La esperanza cristiana es la capacidad de comenzar una nueva vida. Si algo identifica al


cristianismo es identificar un comienzo donde otros ven muerte y fracaso. Dar razón de
nuestra fe y de nuestra esperanza hoy apunta a proponer una teología contextual que pueda
iluminar los caminos de los creyentes en esta sociedad oscurecida por el egoísmo. De
forma urgente se tendría que recordar que el amor en perspectiva cristiana es posibilidad de
reconciliación, de perdón, de sanación, que va más allá de cualquier justicia, porque es
amor desmesurado y desmedido en su don. Creo que sin recuperar una dosis generosa de
esta forma de amor, la paz entre los colombianos será distante porque una sociedad
entregada a la violencia durante generaciones necesita para su restitución y curación amor
sin restricciones, amor inagotable, amor divino.
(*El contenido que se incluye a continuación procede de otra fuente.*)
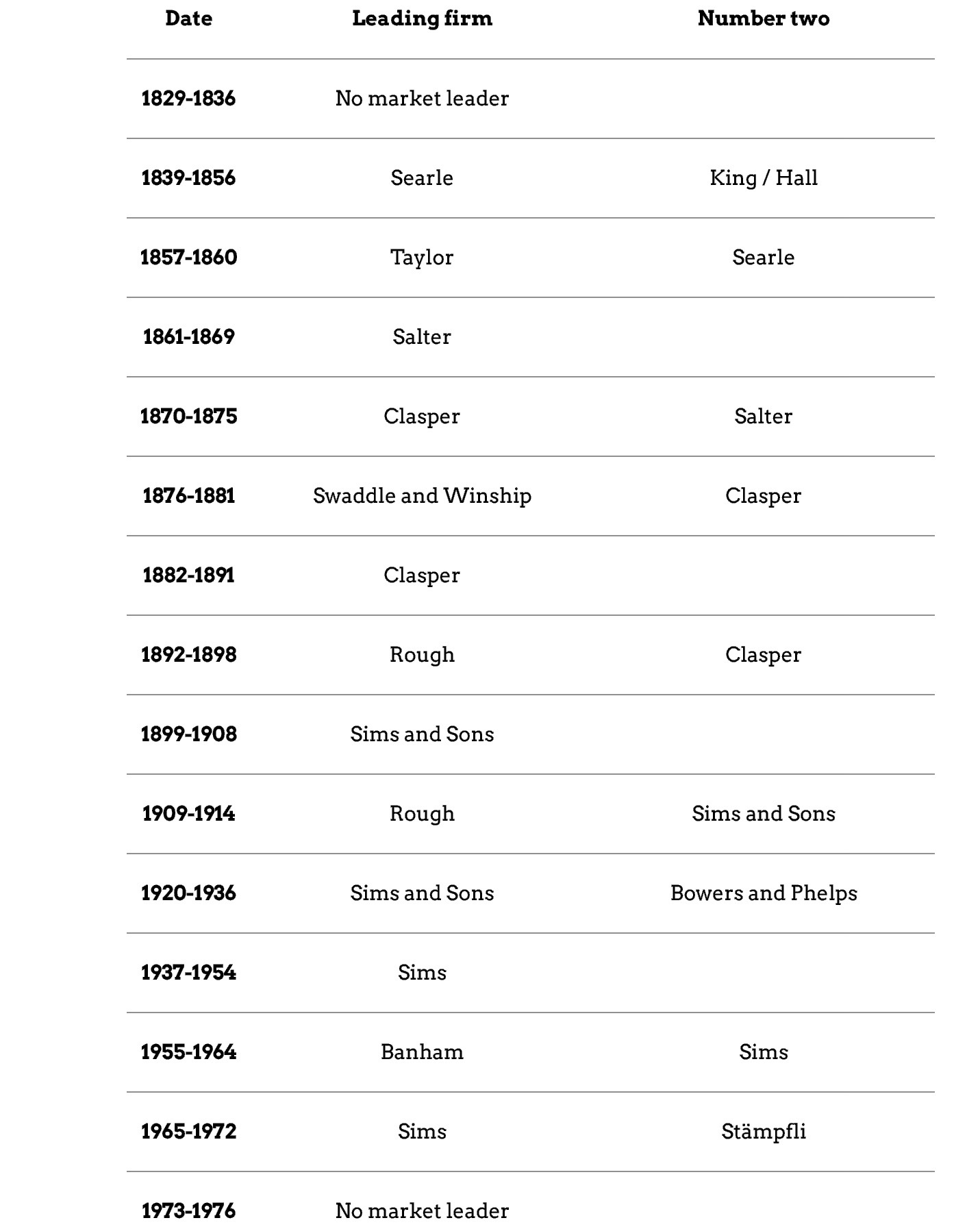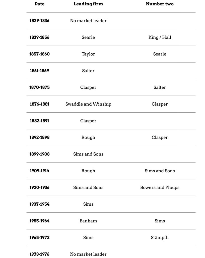 As an addendum, there is a very interesting study by Dr Simon Wenham titled The history of racing boat building available online. It includes a table based on the winners of the Oxford-Cambridge Boat Race showing the leading racing boat builders between 1829 and 1976, a period that Dr Wenham calls “the wooden era”. He notes, “Other firms occasionally won races, but the table shows the dominant constructors…”

Este amor es una praxis, un amor activo
que se compromete vitalmente en la transformación de las estructuras y de las instituciones
que desencadenan la desigualdad social y la pobreza de las mayorías. Rechazando toda
violencia, asume la consigna de las víctimas y excluidos para promover instituciones y
organizaciones humanas inclusivas, participativas, igualitarias. Este amor comprometido y
activo en la transformación social tiene la certeza de que es una ilusión creer que puedan
llevarse a cabo cambios en una sociedad sin que la vida de las personas este involucrada en
ellos. En esta dirección, habría que recordar que sólo se transforman sociedades si se logra
a la vez comprender y transformar el corazón, el pensamiento, los deseos de las personas
particulares y concretas.

Dar razón de nuestra esperanza hoy significa proponer teologías que esclarezcan y
promuevan un cristianismo auténtico que libere el poder de Dios en la vida de los seres
humanos forjando simultáneamente el comienzo de una nueva sociedad. Dar razón de
nuestra esperanza hoy significa proclamar la presencia de Dios, a quien nadie ha visto
nunca, en el amor entre los seres humanos.